• **EXERCISE REQUIREMENTS**
The answer is to be the lines below that lie between the line holding "ГДЗ решение к" and the line holding "Общая площадь57,2 м²", inclusive, transcribed exactly and free of pictures.

• **DATASET EXCERPTS**
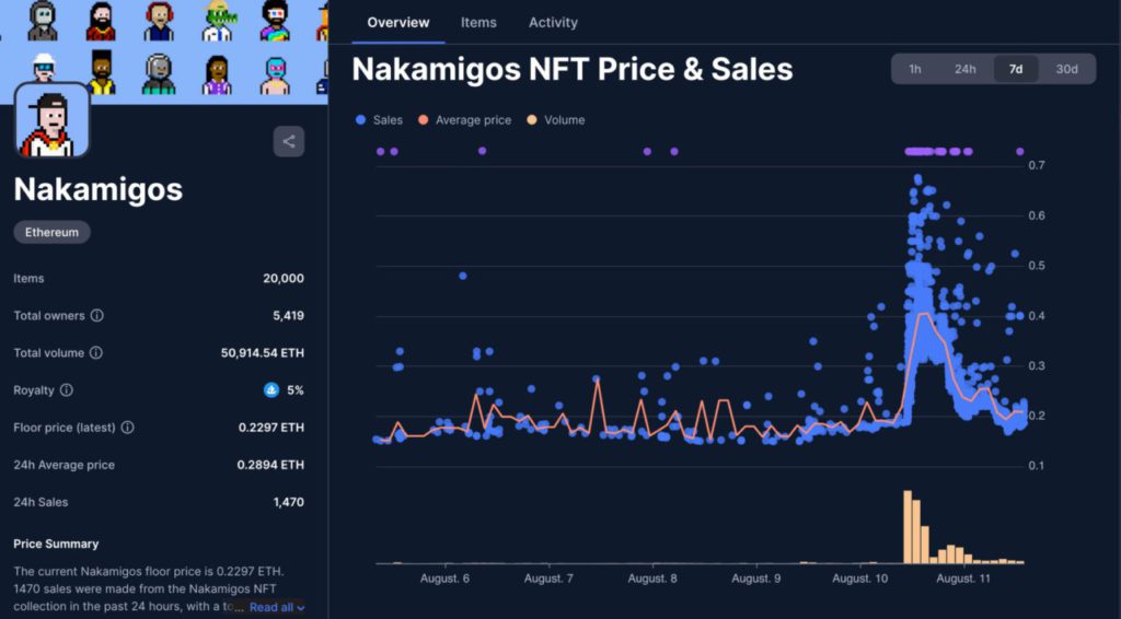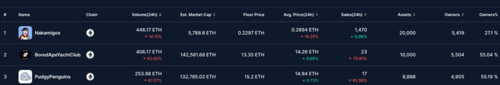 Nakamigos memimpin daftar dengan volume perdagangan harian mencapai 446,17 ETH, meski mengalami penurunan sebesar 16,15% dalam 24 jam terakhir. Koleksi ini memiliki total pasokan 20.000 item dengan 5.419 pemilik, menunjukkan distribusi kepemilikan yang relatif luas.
==
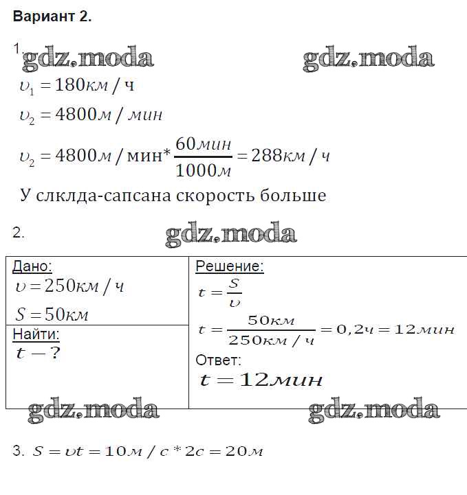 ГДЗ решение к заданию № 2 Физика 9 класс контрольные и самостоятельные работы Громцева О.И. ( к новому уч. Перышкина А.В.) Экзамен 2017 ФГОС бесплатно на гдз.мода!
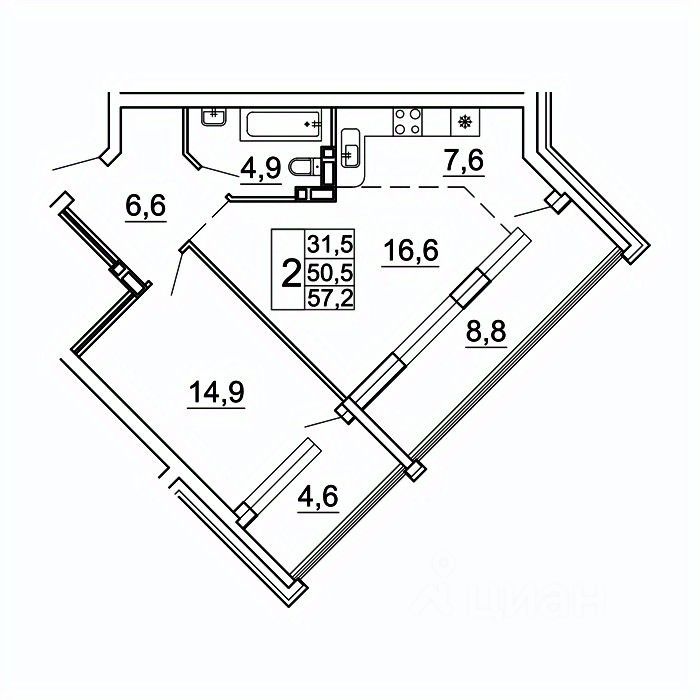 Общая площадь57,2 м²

• **ANSWER SECTION**
 ГДЗ решение к заданию № 2 Физика 9 класс контрольные и самостоятельные работы Громцева О.И. ( к новому уч. Перышкина А.В.) Экзамен 2017 ФГОС бесплатно на гдз.мода!
 Общая площадь57,2 м²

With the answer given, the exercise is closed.